**DIRECTIONS FOR THIS TASK**. Output the data below exactly as it is, dropping the pictures from your copy.

(Records from a collection)
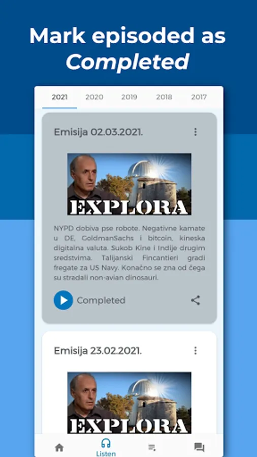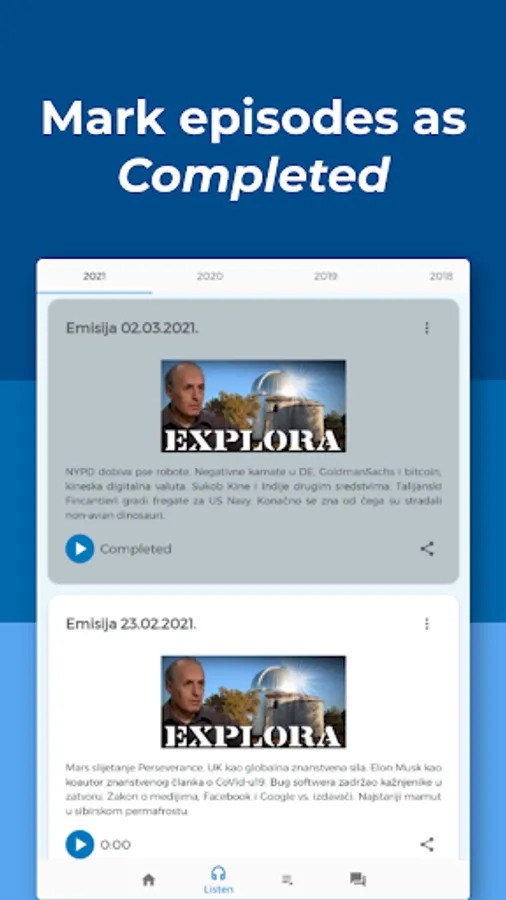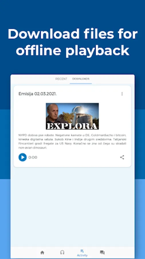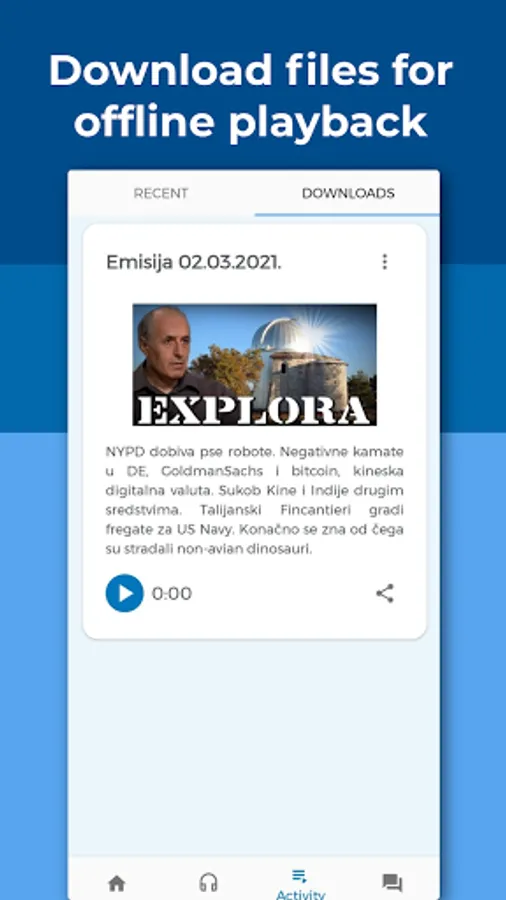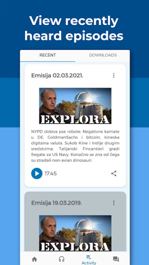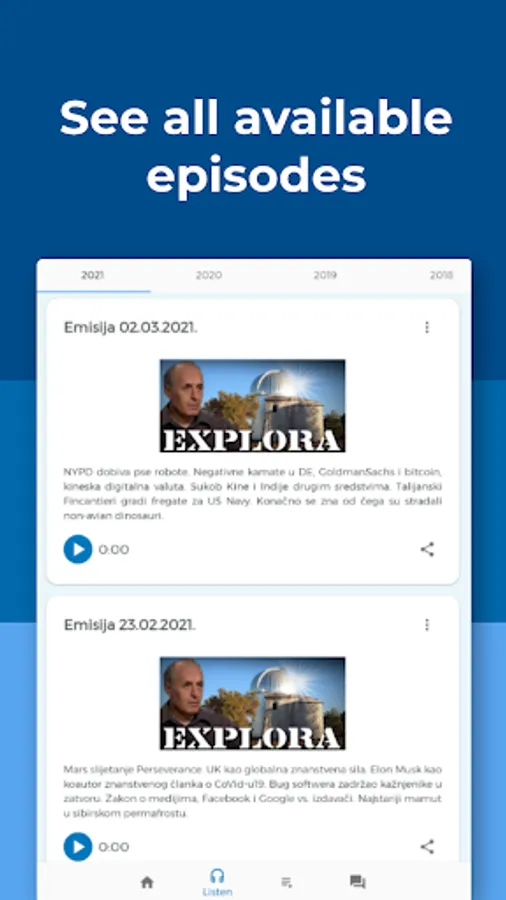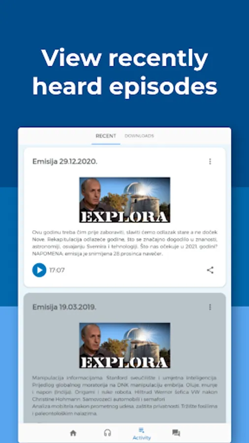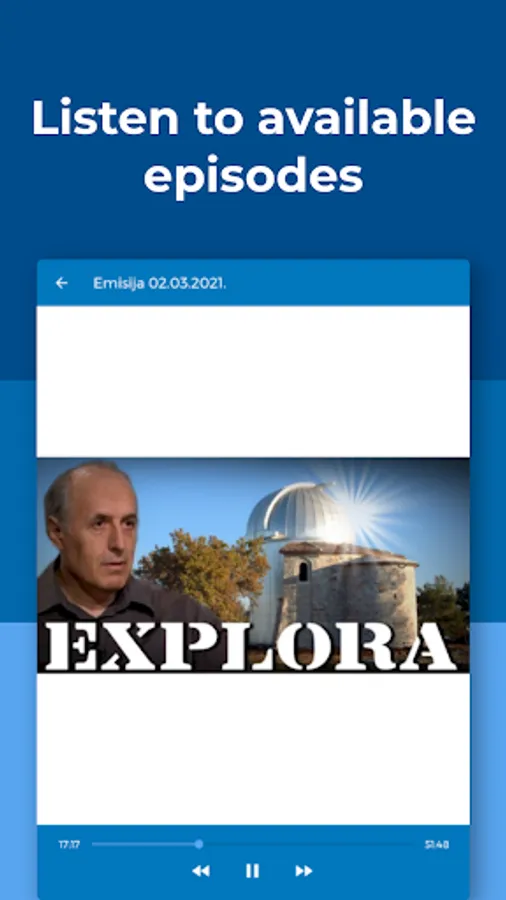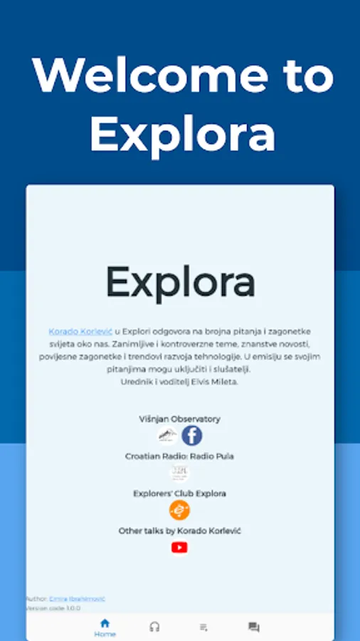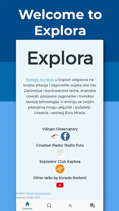 Explora is a Croatian radio show about science, technology, and astronomy, hosted by Korado Korlević and Elvis Mileta. Explora App aims to make the experience of listening to available episodes of Explora easier and more convenient.
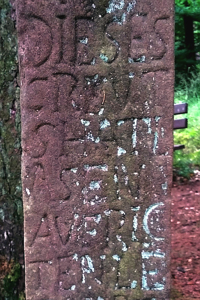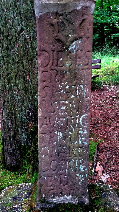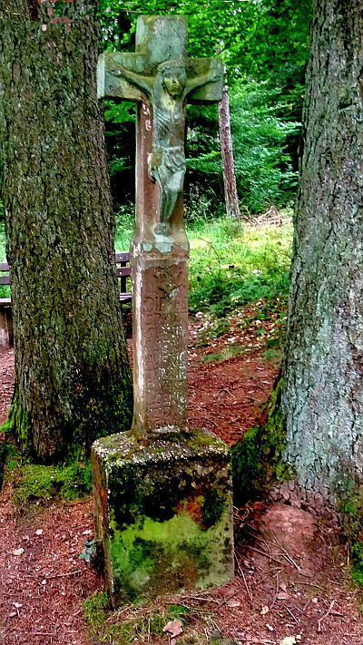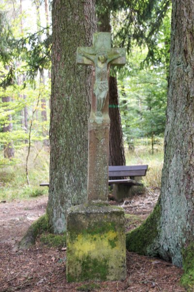 An einer Waldschneise östlich der Bildchenkapelle: stark beschädigtes, 1767 durch LEONART LOSKIL SEND UND GRUNDGERICHTSSCHEFFEN IN SPEICHER errichtet. Vom Schaft nur noch das mittlere Stück mit der ersten Hälfte der Inschrift erhalten, Kapitell und Sockel fehlen. Großes, zugehöriges Abschlußkreuz. [1]
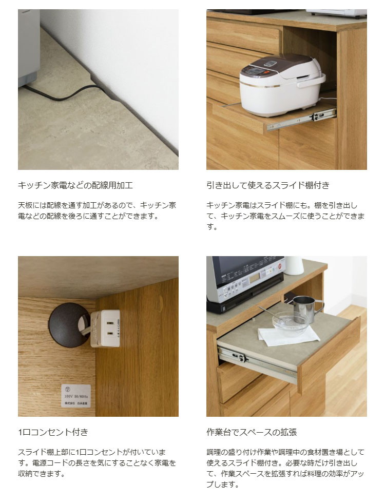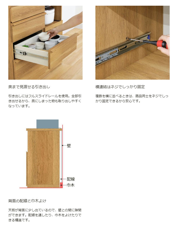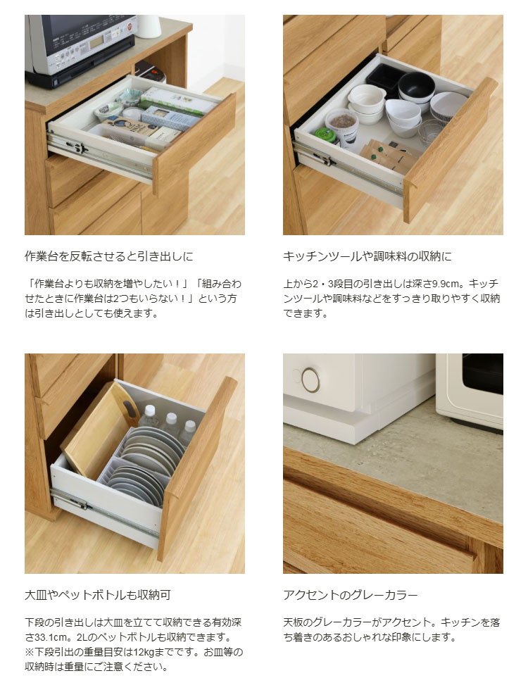 素材・加工:【本体素材】天板、引出底板(作業台)/合成樹脂化粧繊維板(メラミン)、その他/プリント紙化粧繊維板【表面素材】プリント紙化粧繊維板
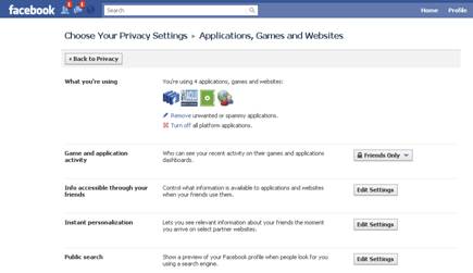 On the main Facebook site, users can access the following page with several different privacy settings, including an option to opt out of instant personalization and controls that determine whether web sites and apps can access a user's information if her friend visits the site or runs the app.
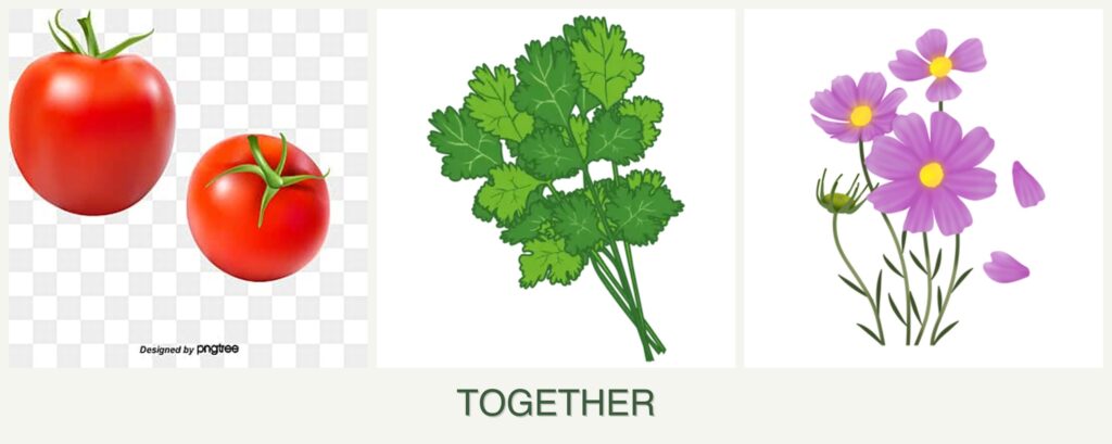 Planting tomatoes, cilantro, and cosmos together offers several benefits:
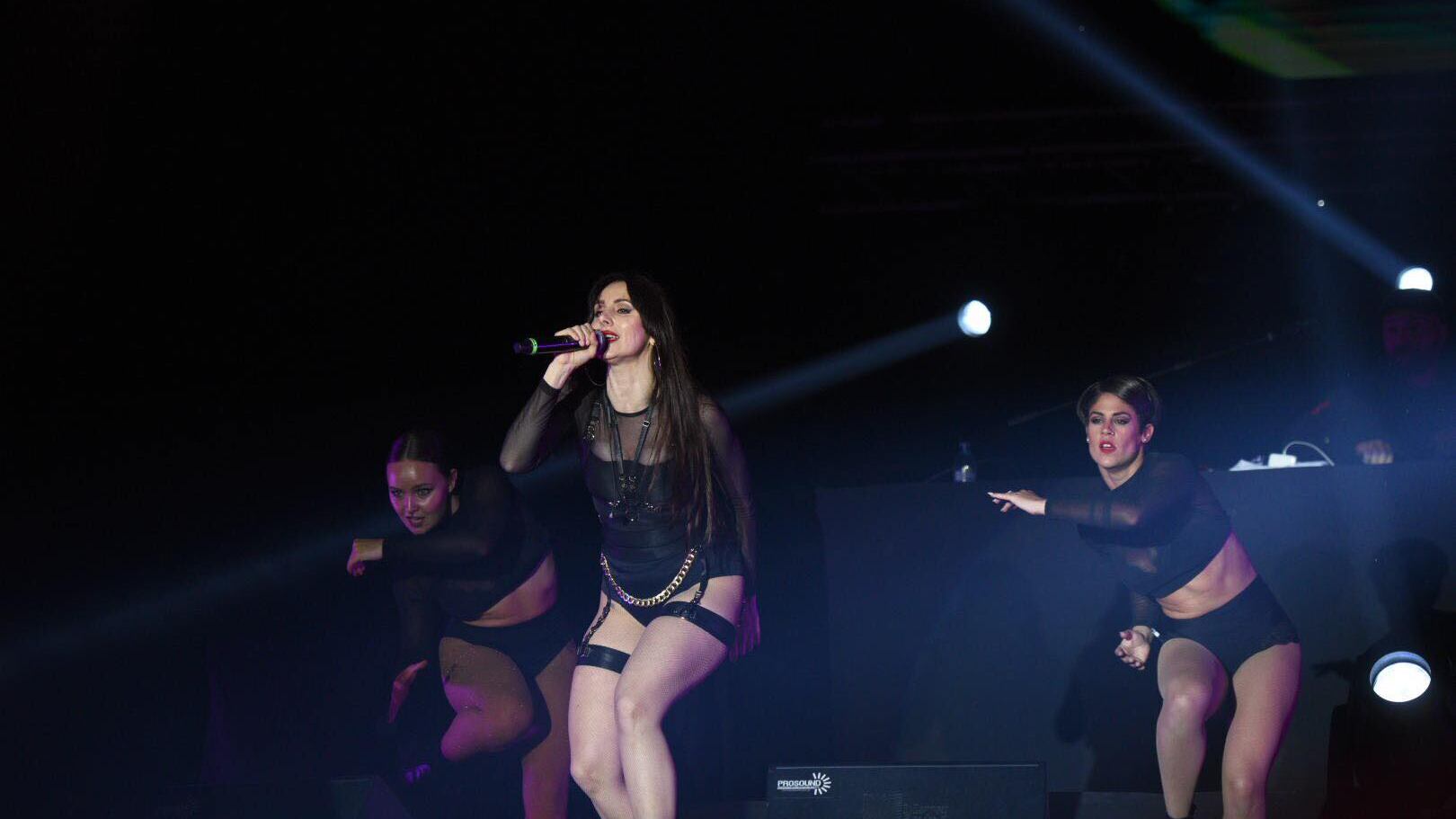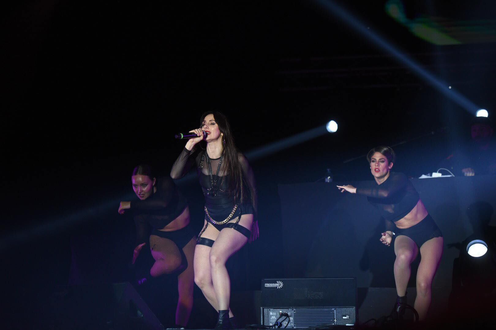 La popular artista conquistó al público con la interpretación de temas como: “Por la noche”, “La niña” y “No me pidas perdón”. Además, se robó cientos de miradas por su atrevido atuendo.
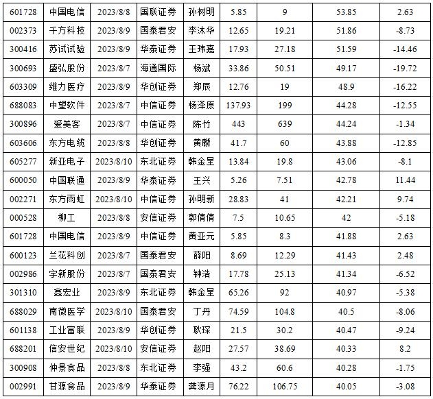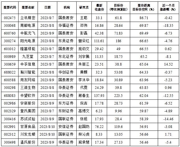 距收盘价空间最大的是立讯精密。国泰君安研究员王聪在8月7日发表的题为《立讯精密:MR产品领先布局,汽车与通讯业务高速发展》的报告中指出,公司通讯与汽车业务发展迅速,中长期成长空间广阔。同时公司消费电子业务迎来收获期,深度布局ARVRMR产品,未来将深度受益于产品放量。参照行业平均估值水平并考虑公司的行业龙头地位,给予其目标价至61.8元。按公司周五收盘价33.1元计算,股价还有86.71%的向上空间。
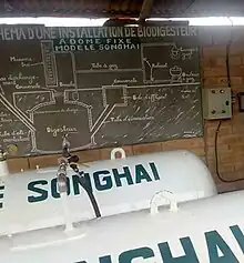 The Songhai zero waste farm in Benin was started by Father Godfrey Nzamujo in 1985. It is now recognised as a centre of excellence by the UN and its philosophy and methods are now studied and followed by thousands in Africa. The picture shows the generation of biofuel from animal waste. This fuel is then used for cooking and generation of electricity.[1]
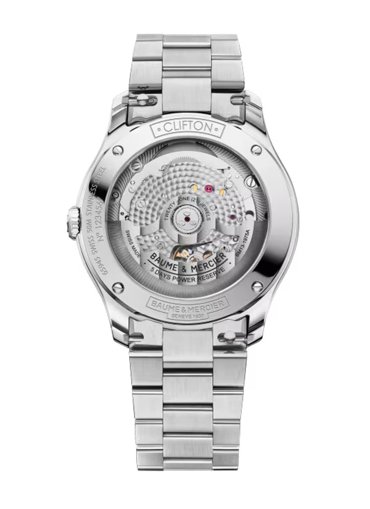 Baume & Mercier Clifton 10793 majú prepracované puzdro, širšiu dátumovku na 6. hodine a integrovanú korunku pre ucelenejší vzhľad, pričom si zachovávajú charakteristický gradientný ciferník a strojček Baumatic, ktorý je pre túto sériu charakteristický. Nový model B&M Clifton vzdáva hold dedičstvu značky v oblasti spoločenských hodiniek, ktorého korene siahajú až do 50. rokov minulého storočia.
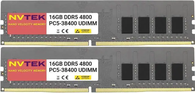 DescriptionNVTEK 32GB (2X16GB) DDR5 4800MHZ PC5-38400 NON-ECC UDIMM KIT Desktop PC Computer Memory
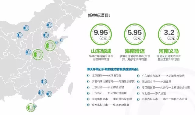 近日,博天環(huán)境集團(603603.SH)通過聯(lián)合體合作方式分別贏取了位于山東省鄒城市、河南省義馬市和海南省澄邁縣的三個生態(tài)修復類項目。其中山東省鄒城市鄒西產煤塌陷區(qū)綜合治理PPP項目,投資概算約9.95億元;河南省義馬市澗河及石河生態(tài)綜合整治工程(PPP),項目總投資約3.2億元;海南省澄邁縣城鎮(zhèn)水環(huán)境綜合整治(大塘河、海仔河)PPP項目,估算總投資5.95億元。
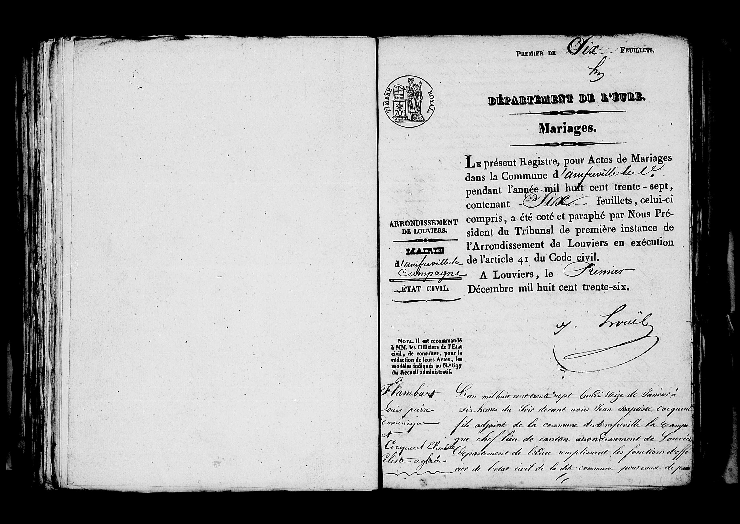 présent au mariage : Louis Pierre Dominique Flambart et Elisabeth Céleste Coquerel le 16/01/1837
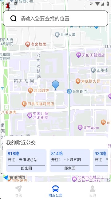 9:切换至“附近公交”界面,能够查看周边的公交路线(例如818路、814路等)以及对应的停靠站点,进而规划公共交通的出行方案。

**EXERCISE ANSWER**.
 Explora is a Croatian radio show about science, technology, and astronomy, hosted by Korado Korlević and Elvis Mileta. Explora App aims to make the experience of listening to available episodes of Explora easier and more convenient.
 An einer Waldschneise östlich der Bildchenkapelle: stark beschädigtes, 1767 durch LEONART LOSKIL SEND UND GRUNDGERICHTSSCHEFFEN IN SPEICHER errichtet. Vom Schaft nur noch das mittlere Stück mit der ersten Hälfte der Inschrift erhalten, Kapitell und Sockel fehlen. Großes, zugehöriges Abschlußkreuz. [1]
 素材・加工:【本体素材】天板、引出底板(作業台)/合成樹脂化粧繊維板(メラミン)、その他/プリント紙化粧繊維板【表面素材】プリント紙化粧繊維板
 On the main Facebook site, users can access the following page with several different privacy settings, including an option to opt out of instant personalization and controls that determine whether web sites and apps can access a user's information if her friend visits the site or runs the app.
 Planting tomatoes, cilantro, and cosmos together offers several benefits:
 La popular artista conquistó al público con la interpretación de temas como: “Por la noche”, “La niña” y “No me pidas perdón”. Además, se robó cientos de miradas por su atrevido atuendo.
 距收盘价空间最大的是立讯精密。国泰君安研究员王聪在8月7日发表的题为《立讯精密:MR产品领先布局,汽车与通讯业务高速发展》的报告中指出,公司通讯与汽车业务发展迅速,中长期成长空间广阔。同时公司消费电子业务迎来收获期,深度布局ARVRMR产品,未来将深度受益于产品放量。参照行业平均估值水平并考虑公司的行业龙头地位,给予其目标价至61.8元。按公司周五收盘价33.1元计算,股价还有86.71%的向上空间。
 The Songhai zero waste farm in Benin was started by Father Godfrey Nzamujo in 1985. It is now recognised as a centre of excellence by the UN and its philosophy and methods are now studied and followed by thousands in Africa. The picture shows the generation of biofuel from animal waste. This fuel is then used for cooking and generation of electricity.[1]
 Baume & Mercier Clifton 10793 majú prepracované puzdro, širšiu dátumovku na 6. hodine a integrovanú korunku pre ucelenejší vzhľad, pričom si zachovávajú charakteristický gradientný ciferník a strojček Baumatic, ktorý je pre túto sériu charakteristický. Nový model B&M Clifton vzdáva hold dedičstvu značky v oblasti spoločenských hodiniek, ktorého korene siahajú až do 50. rokov minulého storočia.
 DescriptionNVTEK 32GB (2X16GB) DDR5 4800MHZ PC5-38400 NON-ECC UDIMM KIT Desktop PC Computer Memory
 近日,博天環(huán)境集團(603603.SH)通過聯(lián)合體合作方式分別贏取了位于山東省鄒城市、河南省義馬市和海南省澄邁縣的三個生態(tài)修復類項目。其中山東省鄒城市鄒西產煤塌陷區(qū)綜合治理PPP項目,投資概算約9.95億元;河南省義馬市澗河及石河生態(tài)綜合整治工程(PPP),項目總投資約3.2億元;海南省澄邁縣城鎮(zhèn)水環(huán)境綜合整治(大塘河、海仔河)PPP項目,估算總投資5.95億元。
 présent au mariage : Louis Pierre Dominique Flambart et Elisabeth Céleste Coquerel le 16/01/1837
 9:切换至“附近公交”界面,能够查看周边的公交路线(例如818路、814路等)以及对应的停靠站点,进而规划公共交通的出行方案。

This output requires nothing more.